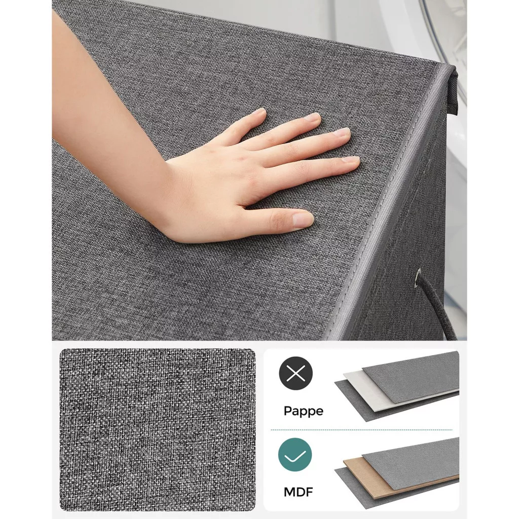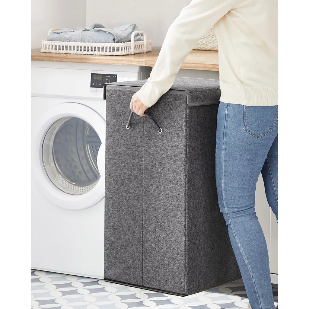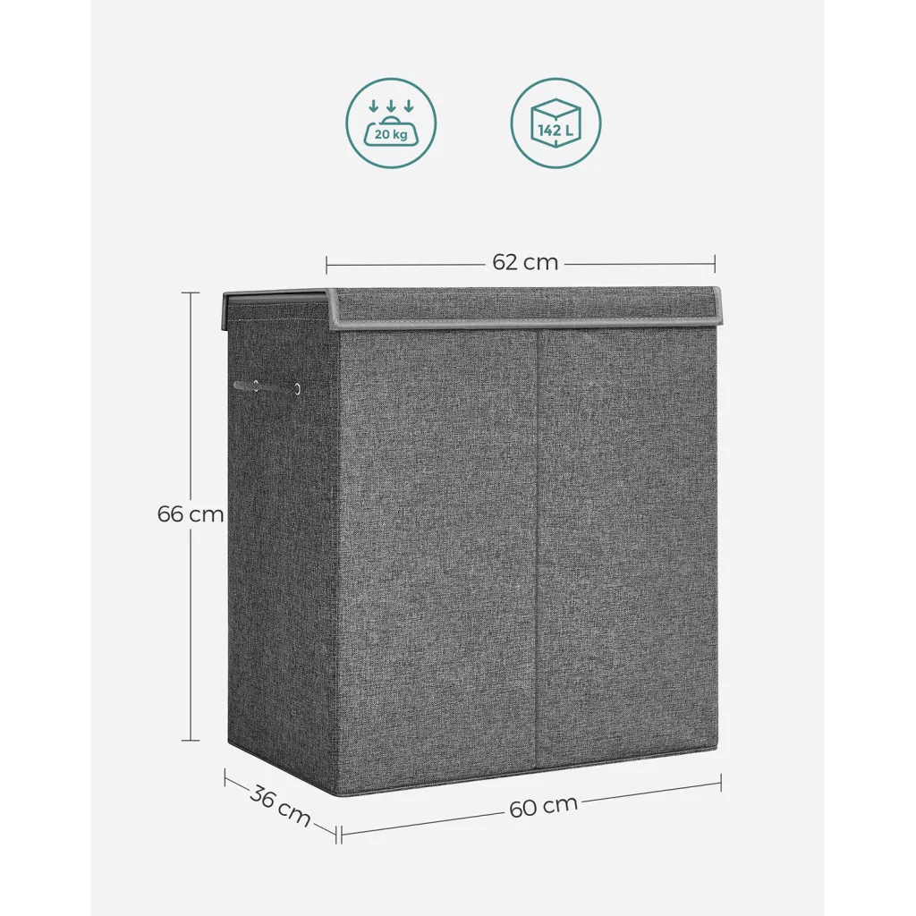 Nagy kapacitású, 142 literes szennyestartó kosár két rekesszel, stílusos vászon hatású anyagból, praktikus mágneses fedéllel és kivehető bélészsákkal.
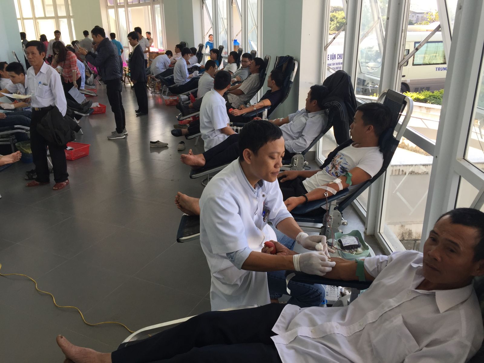 Đến với “Lễ hội xuân hồng” năm nay có đầy đủ lứa tuổi từ đủ 18 đến 60 tuổi. Trong đó nhiều tình nguyện viên đã tham gia nhiều lần hiến máu, như anh Nguyễn Sinh ở thôn Tân Xuân Lai, xã Quảng Thọ, năm nay 46 tuổi nhưng đã có 52 lần tham gia hiến máu tình nguyện. Có mặt tại lễ hội rất sớm, anh Nguyễn Sinh đã làm thủ tục và tình nguyện hiến 350ml máu.
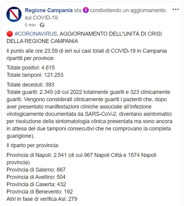 Questo quanto pubblicato dalla Regione Campania
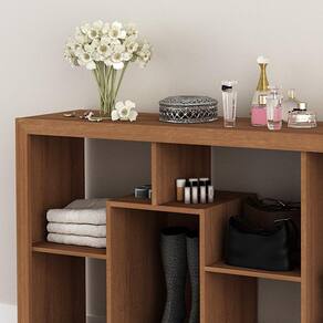aparador repleto de objetos decorativos!! Sensacional, né? Tudo graças a suas 7 prateleiras que formam 8 nichos, ótimos para abrigar itens diversos. Ah, e ela conta com estrutura em MDP e acabamento em pintura UV de qualidade, agregando durabilidade e resistência!
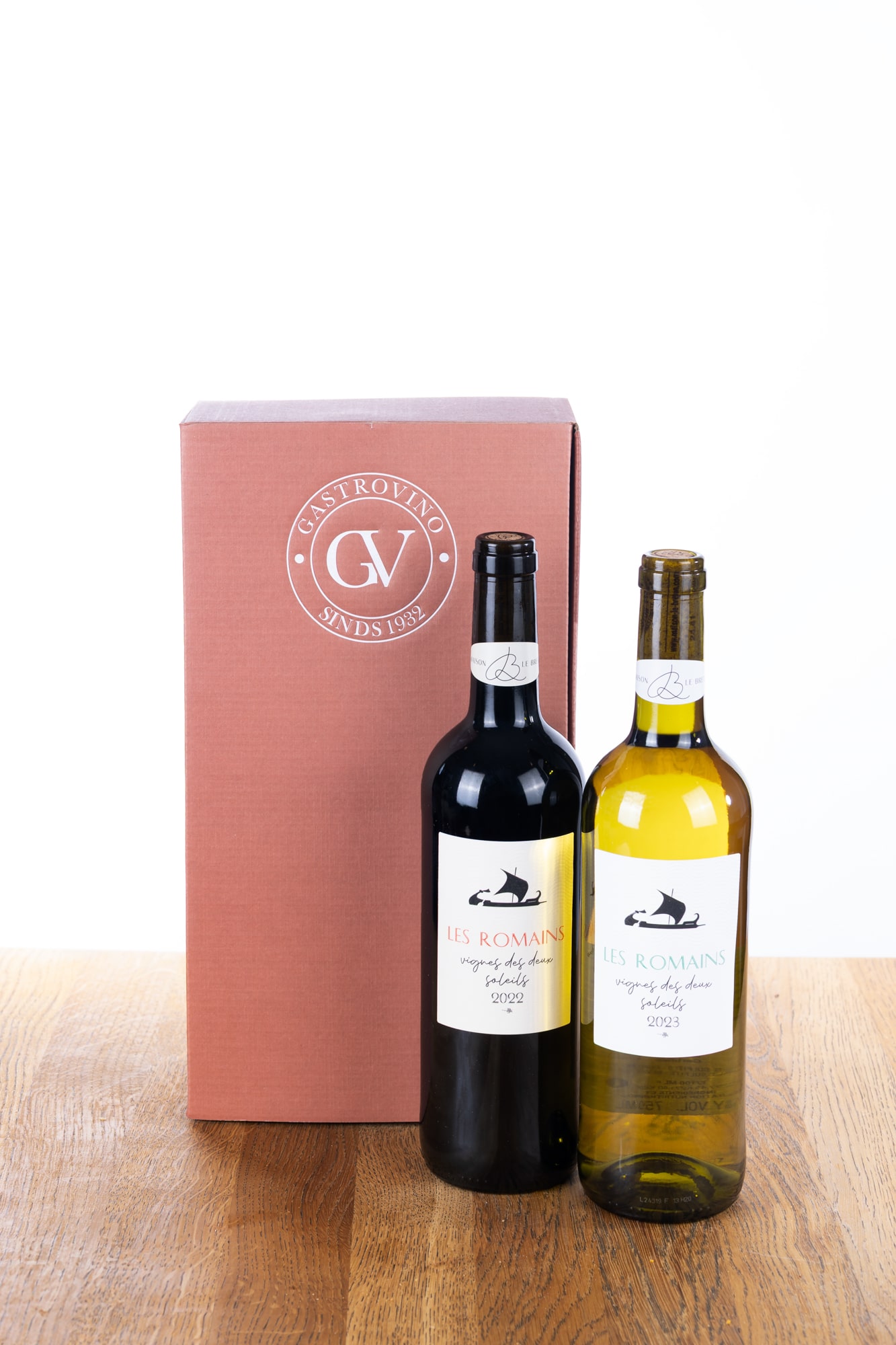 Het “Les Romains” pakket biedt twee fijne wijnen om van te genieten bij een diner of borrel. Met de frisse Blanc en de volle Rouge is dit een ideale combinatie voor iedere gelegenheid.
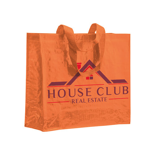Shopper in Polipropilene Laminato 120 g/m2: Questo shopper dal design robusto è ideale per l'uso quotidiano e promozionale, con manici corti a nastro extra resistenti per una maggiore durabilità .
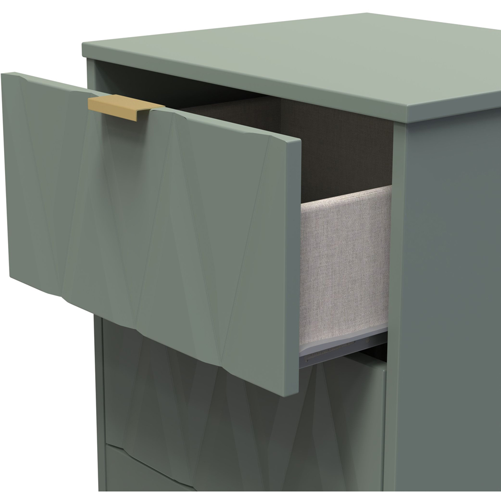 The Crowndale Las Vegas bedside table offers stylish bedroom storage in a reed green finish. Ideal for bedside use or as a freestanding unit, its distinctive front design complements any décor. This two-drawer table provides convenient storage solutions.
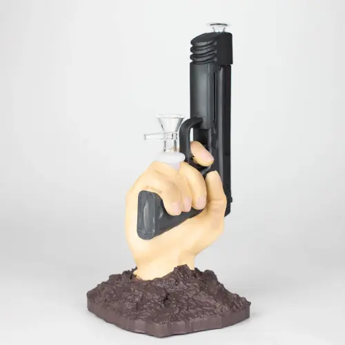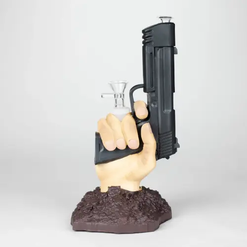 This unique vinyl-crafted Pistol In Hand Silicone water pourer features the striking design of a hand-holding pistol, making it a standout piece for any collection.
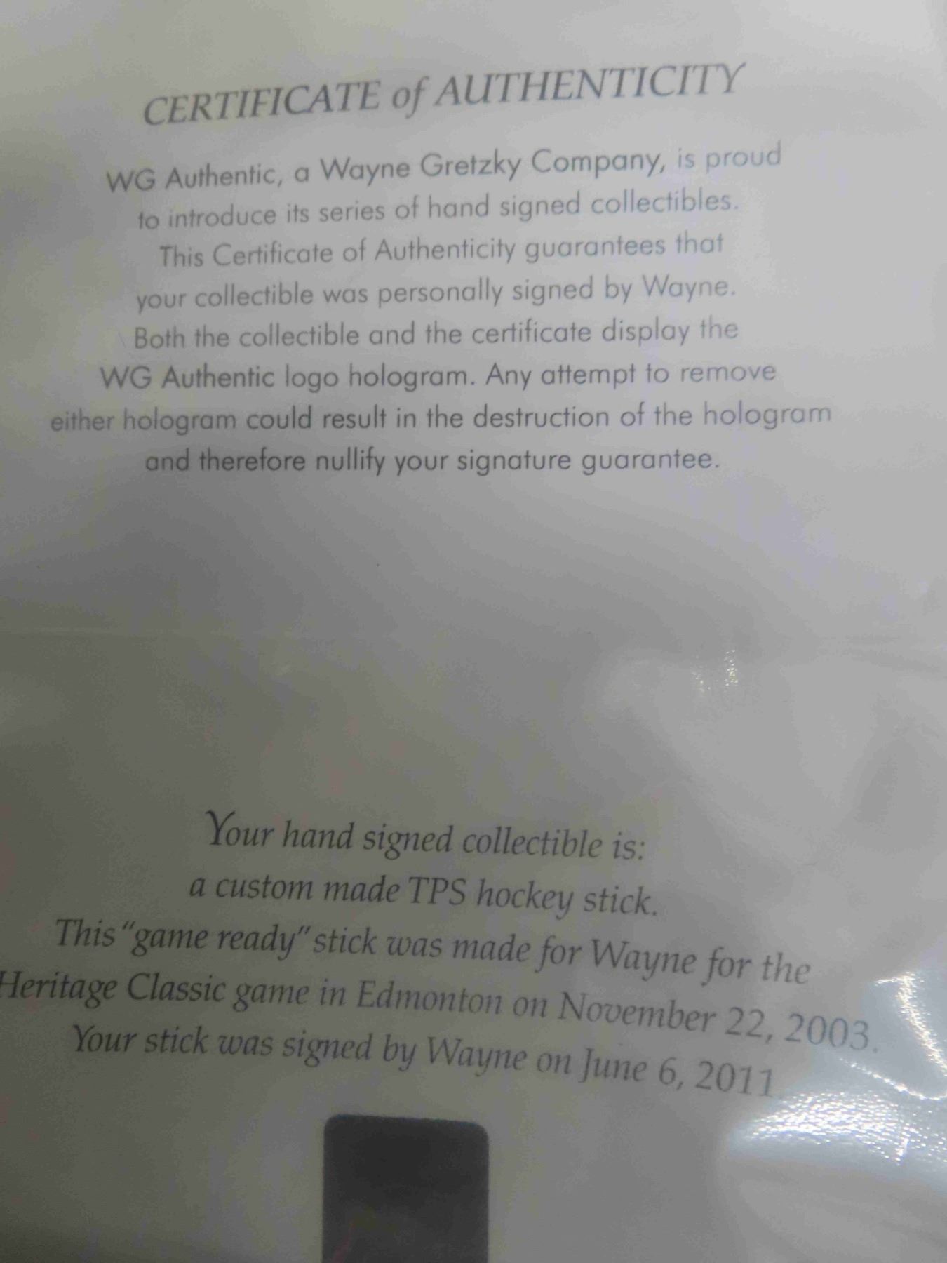 Wayne Gretzky Autographed Hockey Stick with COA Marked 'GAME READY STICK' - Nov 22/03 For Heritage Classic in Edmonton
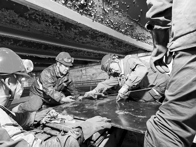 10月15日,中铝山东有限公司工业服务中心检修员工正在扒皮氧化铝输矿皮带接头。
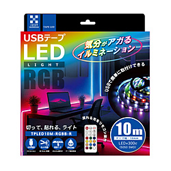 〔USB-A電源〕USBテープLED 流れるRGBリモコン付き [10m] TPLED10M-RGBB-R

= = = = = = =

*Task details*. With the pictures omitted, the entries are to be transcribed in full, exactly as they appear.

*Result for this task*.
 Nagy kapacitású, 142 literes szennyestartó kosár két rekesszel, stílusos vászon hatású anyagból, praktikus mágneses fedéllel és kivehető bélészsákkal.
 Đến với “Lễ hội xuân hồng” năm nay có đầy đủ lứa tuổi từ đủ 18 đến 60 tuổi. Trong đó nhiều tình nguyện viên đã tham gia nhiều lần hiến máu, như anh Nguyễn Sinh ở thôn Tân Xuân Lai, xã Quảng Thọ, năm nay 46 tuổi nhưng đã có 52 lần tham gia hiến máu tình nguyện. Có mặt tại lễ hội rất sớm, anh Nguyễn Sinh đã làm thủ tục và tình nguyện hiến 350ml máu.
 Questo quanto pubblicato dalla Regione Campania
aparador repleto de objetos decorativos!! Sensacional, né? Tudo graças a suas 7 prateleiras que formam 8 nichos, ótimos para abrigar itens diversos. Ah, e ela conta com estrutura em MDP e acabamento em pintura UV de qualidade, agregando durabilidade e resistência!
 Het “Les Romains” pakket biedt twee fijne wijnen om van te genieten bij een diner of borrel. Met de frisse Blanc en de volle Rouge is dit een ideale combinatie voor iedere gelegenheid.
Shopper in Polipropilene Laminato 120 g/m2: Questo shopper dal design robusto è ideale per l'uso quotidiano e promozionale, con manici corti a nastro extra resistenti per una maggiore durabilità .
 The Crowndale Las Vegas bedside table offers stylish bedroom storage in a reed green finish. Ideal for bedside use or as a freestanding unit, its distinctive front design complements any décor. This two-drawer table provides convenient storage solutions.
 This unique vinyl-crafted Pistol In Hand Silicone water pourer features the striking design of a hand-holding pistol, making it a standout piece for any collection.
 Wayne Gretzky Autographed Hockey Stick with COA Marked 'GAME READY STICK' - Nov 22/03 For Heritage Classic in Edmonton
 10月15日,中铝山东有限公司工业服务中心检修员工正在扒皮氧化铝输矿皮带接头。
 〔USB-A電源〕USBテープLED 流れるRGBリモコン付き [10m] TPLED10M-RGBB-R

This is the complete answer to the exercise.